On that first day, we introduced ourselves and then sat around all day drinking coffee and shuffling up staircases looking for the right room. I think we talked about books but maybe not. We eventually got around to writing after a few weeks by which time my back was bent out of shape and my rucksack had to be thinned out. All but the sweets. It was the best year of my life.
I left home at sixteen and never felt I missed out on University. I had some wild years and then just settled down to live my life doing what people do, going from job to job, making a home, having children. But when I eventually got the chance to spend a whole year doing something I knew I loved, with other people doing the same, being in a classroom again but this time out of choice, listening to experts and famous authors, trying to get my heart and hand and head to sync well enough and long enough to write something worth reading - when I had that chance, I grabbed it quick, put a lot in and got even more out.
Whether you’re 18 or 52 or 92 I hope your University days are everything you dreamed of. We are never too old to change our minds and never too young to ask – or tackle – the big questions.
Whatever subject you’re doing, I wish you wonder and investigation, brain ache and belly laughs, I wish you clear thinking and long deadlines.

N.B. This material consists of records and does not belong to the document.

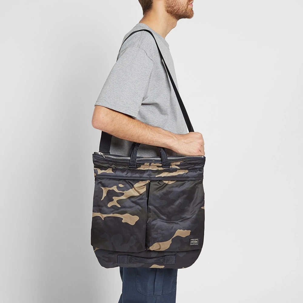 Both functional and stylish, Porter-Yoshida & Co.’s ‘Counter Shade Helmet’ tote shows off a nylon twill construction that’s perfect for carrying heavier loads. Fitted with an interior laptop pocket for the modern man on the go, the camouflage tote has two exterior pockets and a zipped main compartment for securely storing your valuables.
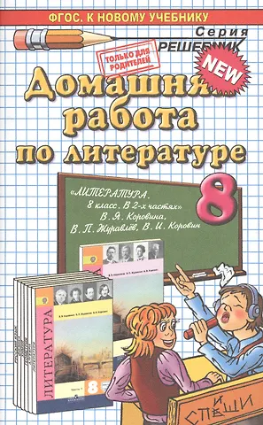 В пособии подробно разобраны вопросы и задания из учебника "Литература. 8 класс. Учебник для общеобразовательных учреждений. В 2 ч. / Авт.-сост. В.Я. Коровина и др. - 12-е изд. - М.: Просвещение, 2013". Пособие будет также полезно родителям, которые в случае необходимости смогут помочь детям в выполнении домашней работы по литературе. 9-е издание, переработанное и исправленное.
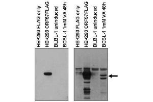 Application Note: This affinity purified antibody has been tested for use in ELISA and western blotting. Specific conditions for reactivity should be optimized by the end user. Expect a band 50-55 kDa in size corresponding to KSHV ORF57 protein by western blotting in the appropriate cell lysate or extract.
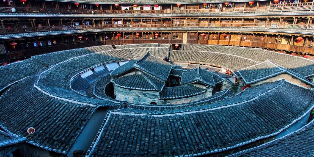 初溪土樓古村落景區繫世界文化遺產地,是福建土樓中氣勢磅礴的土樓羣,擁有5座圓樓和31座方樓。景區不僅規模宏大,還具備了“集中、美麗、古老、特殊、知名”的特點,是文化休閑體驗的旅遊目的地。全國重點文物保護單位“集慶樓”是福建土樓中歷史悠久、結構特殊的圓土樓。全樓建築時沒用一枚鐵釘,72道樓梯與厚度近2米的生土牆共同經歷了600多年的風霜雪雨。地點:福建省龍巖市永定區下洋鎮初溪村。
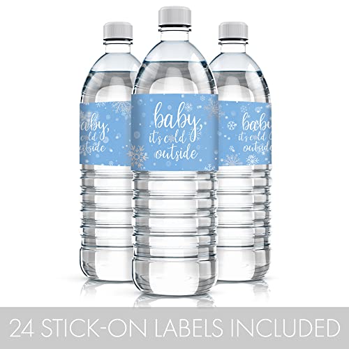 Little Snowflake Winter Baby Shower Water Bottle Labels – Baby It’s Cold Outside – 24 Stickers (Blue)
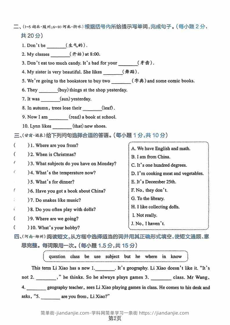 六年级下英语毕业分班真题卷3 简单街 10小时前发布 关注 私信 010 六年级下英语毕业分班真题卷3此内容为付费资源,请付费后查看¥0.9黄金会员免费钻石会员免费立即购买您当前未登录!建议登陆后购买,可保存购买订单格式pdf页数8 页大小3.20 MB付费资源 ——预览已结束,还剩6页未读——开通会员后可免费下载高清完整文档 © 版权声明文章版权归作者所有,未经允许请勿转载。THE END小学英语喜欢就支持一下吧点赞0 分享收藏0
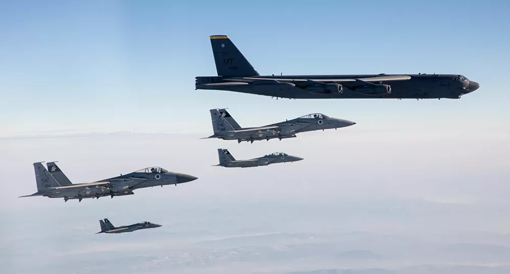 इजरायलका एफ–१५ लडाकू विमानहरूले आफ्नो हवाईक्षेत्रमा अमेरिकाका दुईवटा बी–५२ बमवर्षक विमानलाई उडानमा साथ दिएको इजरायलका रक्षा बलहरूले एक ट्वीटमार्फत जानकारी दिएका छन् ।
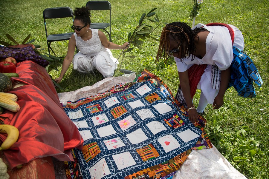 6月19日是美國的六月節(jié),也是紀念和慶祝美國黑人奴隸獲得解放的日子。在紐約展望公園六月節(jié)慶?;顒蝇F(xiàn)場的一個臨時帳篷里,一場悼念新冠逝者的拼布活動,氣氛肅穆,與周圍歡樂的氣氛顯得有些格格不入。拼布作品由許多小方塊織物縫合而成,每塊織物代表了活動參加者對死于新冠的親人的思念和追憶?;顒咏M織方鼓勵更多人帶來逝去親人曾穿過衣物的布片,以便縫制一塊更大的拼布。
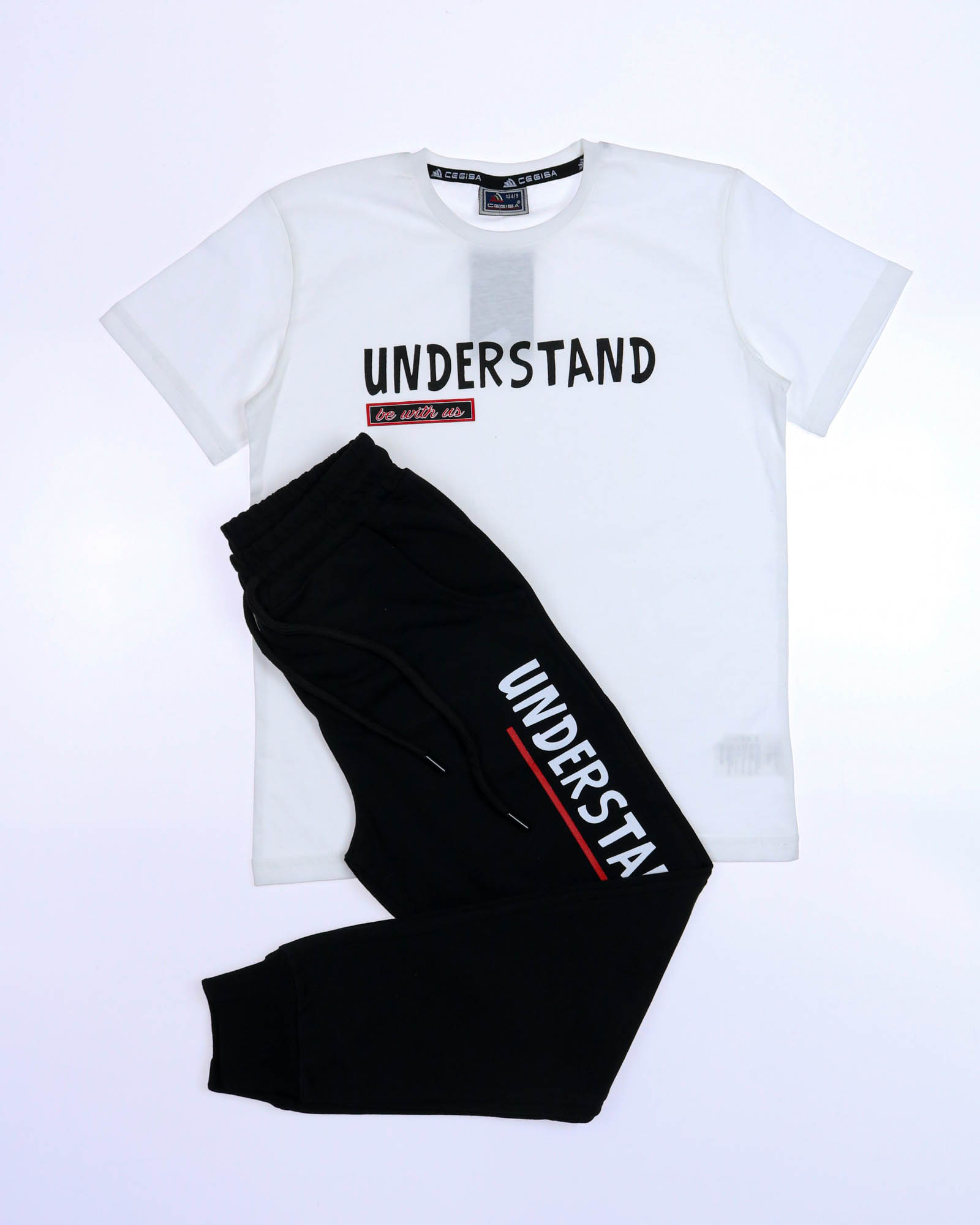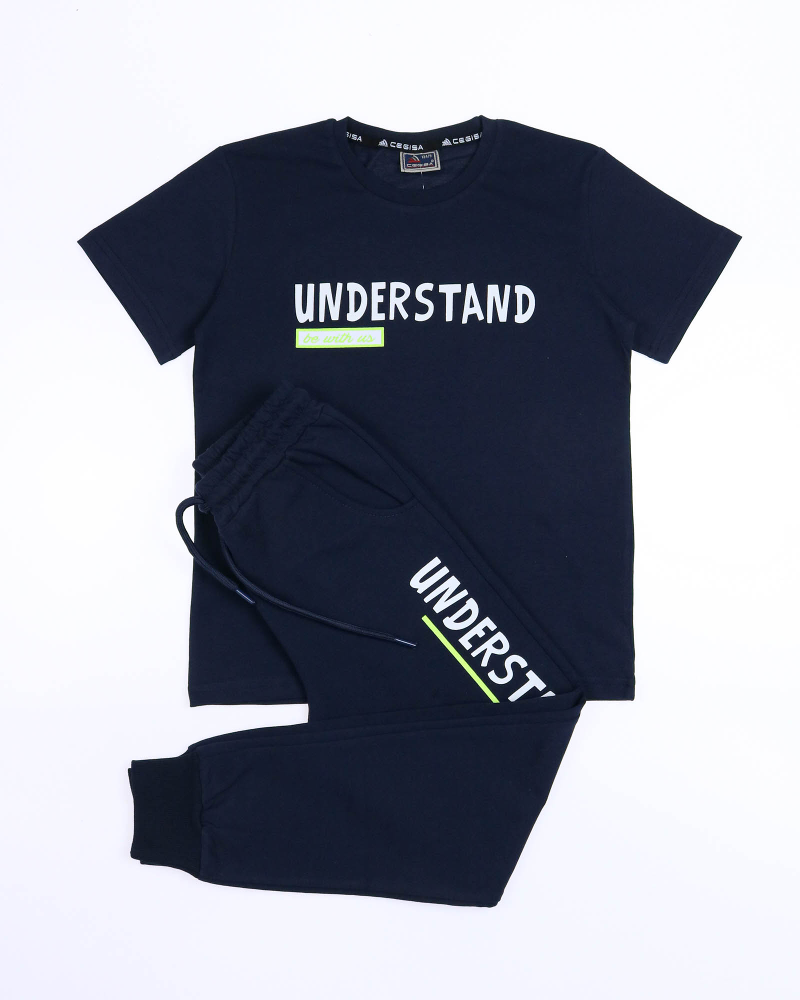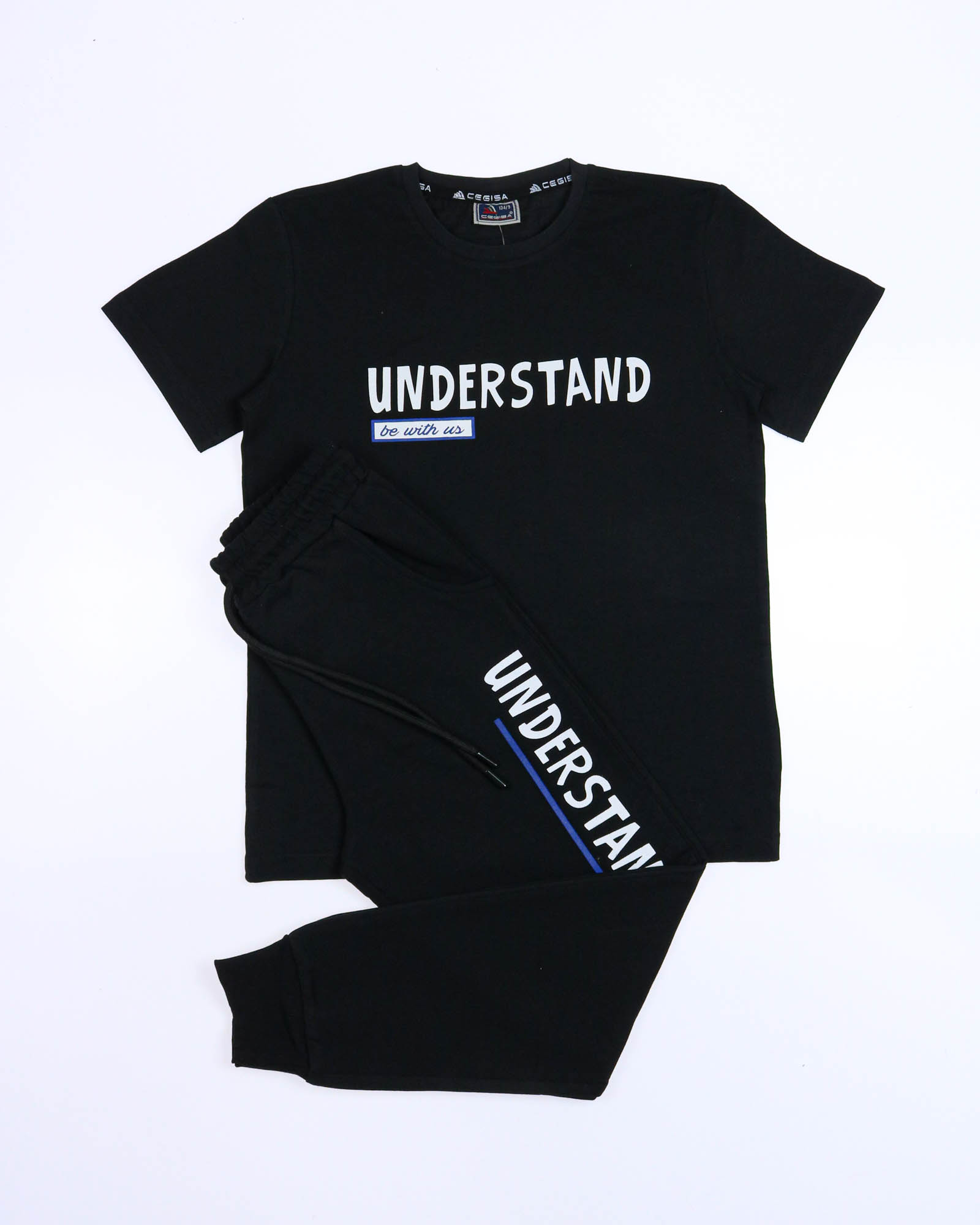 Трикотажный костюм CEGISA из хлопка оптом. Брюки выполнены из футера 2х нитки (петля) с карманами, на эластичном поясе с регулируемым шнурком и оригинальным принтом. Футболка выполнена из кулирной глади, прямого кроя с округлой горловиной.
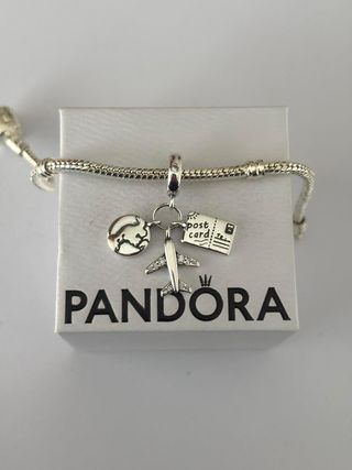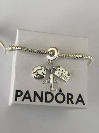 Charm modelo de viajes. - Fabricado en plata de ley S925. - Diseño con avión, globo terráqueo y postal. - Detalles en circonitas. - Marca: Son modelos compatibles, NO son de la marca Pandora oficial. - Presentación: Se entregan en una bolsita protectora individual bien embalados. NO incluyen caja ni estuche.
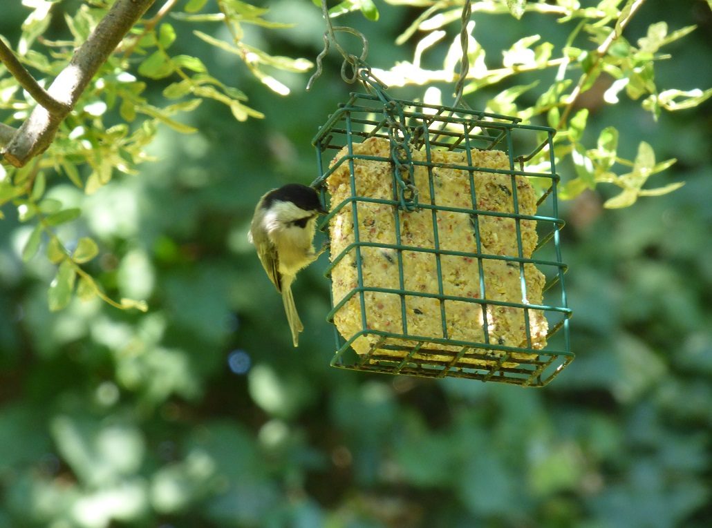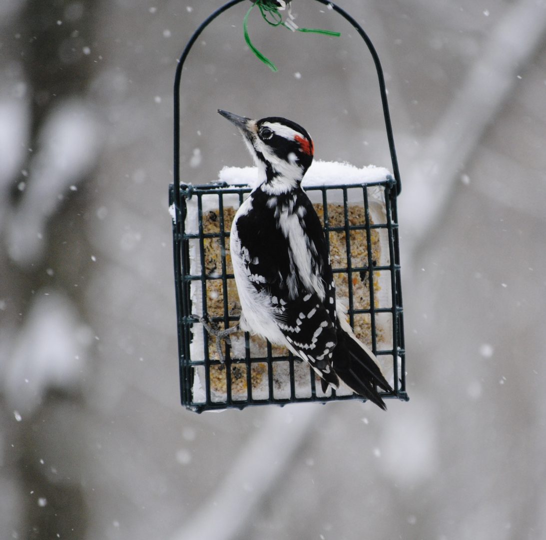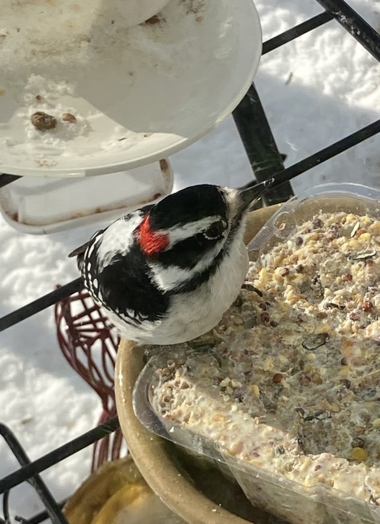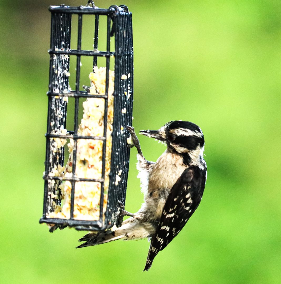 A suet tea party for my downy woodpecker friend
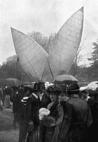 A In the early morning of 12th May 1902 M. Augusto Severo, accompanied by his mechanician, Sachet, started from Paris on a first trial with the "Pax," the invention and construction of M. Severo. The "Pax" rose at once to a height almost double that of the Eiffel Tower, when, for reasons not precisely known, it exploded, and came crashing to earth with its two passengers. The fall took eight seconds to accomplish, and the luckless experimenters were picked up broken and shapeless masses.
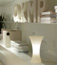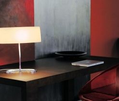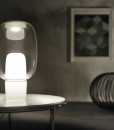 La lámpara de sobremesa Yoko es una delicada burbuja de jabón, que tiembla en el espacio, llenándolo con una nórdica luz blanca: esta es la imagen que inmediatamente viene a la mente con YOKO. La base, que encierra y esconde la fuente luminosa, está formada por dos vasos en policarbonato translúcido opalino, moldeados por inyección. La “burbuja” superior en PMMA se obtiene mediante un proceso de inyección-soplado, técnica muy similar a la elaboración del vidrio soplado.
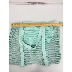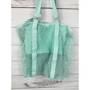 Cotton mesh shopping tote in a refreshing aqua hue. This reusable bag features a durable mesh construction with comfortable fabric handles, perfect for carrying groceries or beach essentials. Ideal for farmers market trips, beach outings, or everyday errands.
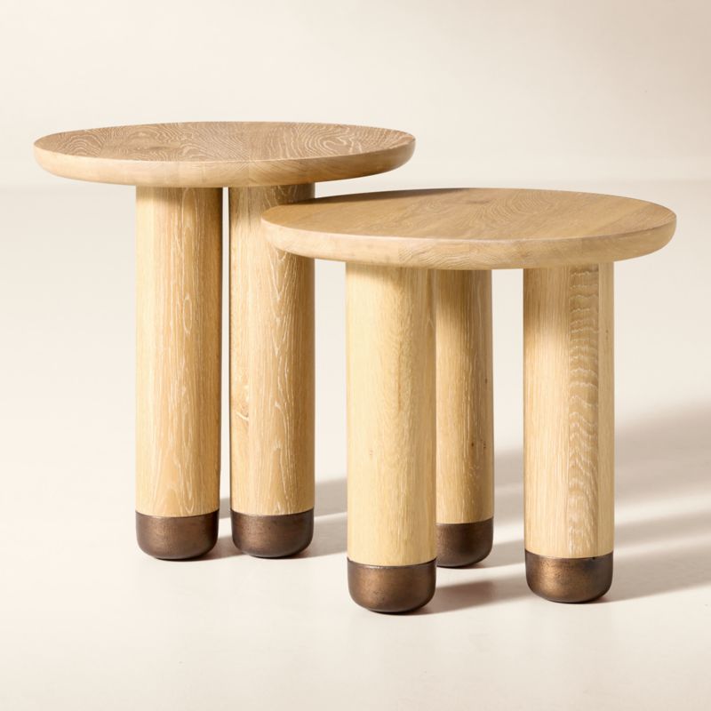 Warm oak nesting side tables by Mary Ratcliffe are imbued with a love for the yin and the yang—the feminine and the masculine, the organic and the industrial. Wirebrushed to highlight the wood's natural grain, the curved top is supported by solid oak legs certified sustainable by the Forest Stewardship Council ® (FSC). Cast metal feet feature an antiqued finish for rich tone and texture. CB2 exclusive.
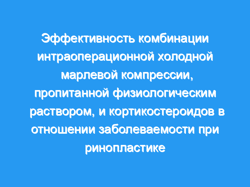 Специализированная больница высшего уровня в Турции. Субъекты и методы: триста пациентов, перенесших септоринопластику, были разделены на 2 группы. Во всех случаях в начале операции внутривенно вводили однократную дозу дексаметазона в дозе 10 мг. В основной группе во время операции спинку носа постоянно сдавливали марлей, пропитанной холодным физиологическим раствором. В контрольной группе спинку носа постоянно сжимали сухой марлей во время операции. Время операции и количество кровотечений регистрировались во время операции. Степень отека век и экхимоза периорбитальных мягких тканей регистрировали через 24 часа и на 2, 3, 5 и 7-й дни после операции 2 исследователями.
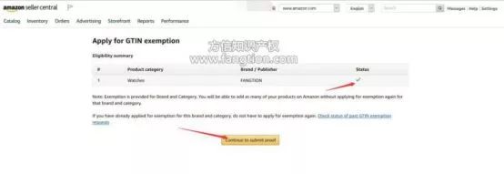 进入到界面,第一步是要选择品类,然后选择商标名,再点下一步,会看到我们选的品类和商标名,并且有一个检测的状态,它会打勾,就证明可以申请豁免,然后再点continue,输入相应的一些证明文书。
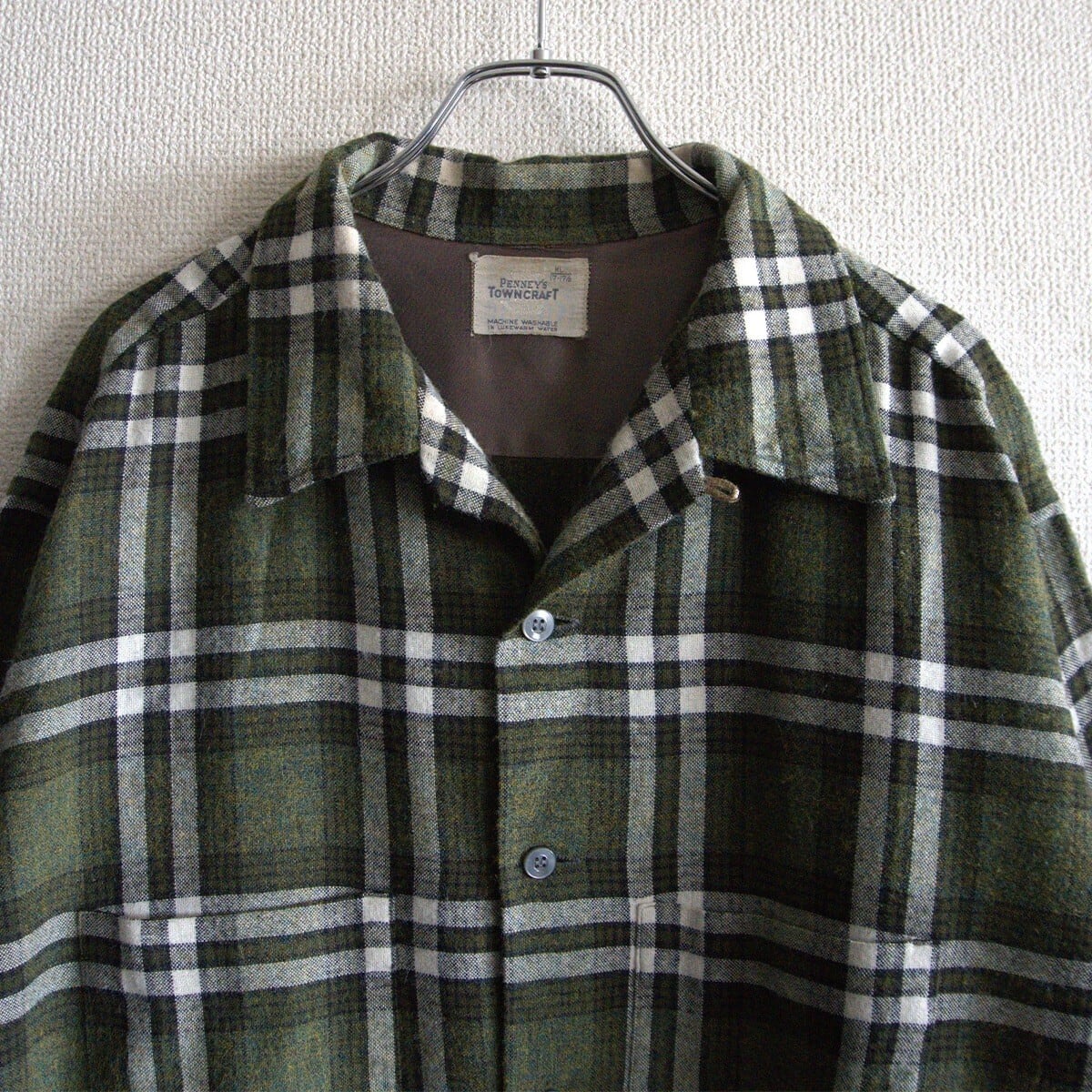【60s/ビッグサイズ】TOWNCRAFT【オープンカラー ウールチェックシャツ】XL 17-17 1/2 ヴィンテージ タウンクラフト 25070781
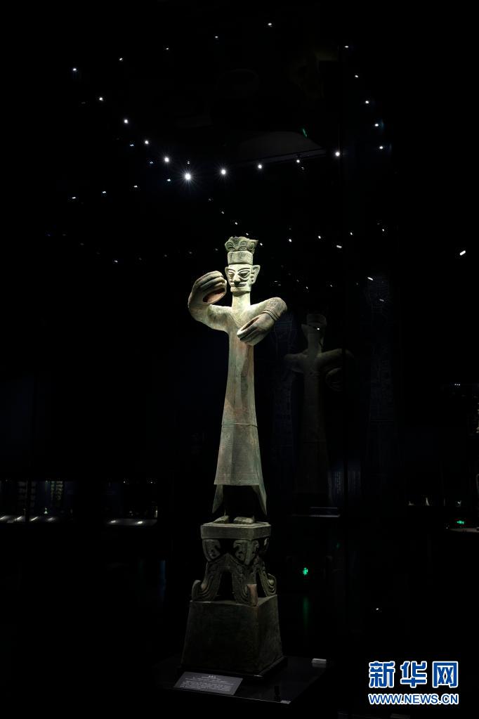 这是在位于四川省广汉市的三星堆博物馆拍摄的1986年出土于三星堆2号“祭祀坑”的青铜大立人(3月17日摄)。新华社记者 沈伯韩 摄

I wish you the certain knowledge that ‘I don’t know’ is a good thing, so is your opinion, so is your voice. I wish you new friendships that will last a lifetime and along with the many gigabytes of dazzling information, I wish you wisdom and kindness, given and received.
I wrote My Name is Leon with the hope that people would simply read it and enjoy it, maybe pass it on to someone else and say ‘It’s good.’ I wrote it, I hope, with compassion for the many different people whose lives are affected by loss and injustice, loneliness and disadvantage. But I also hope you find humour and light in his story and that you’re left with a sense of optimism for Leon and for the future.
Enjoy the book and keep your bag light.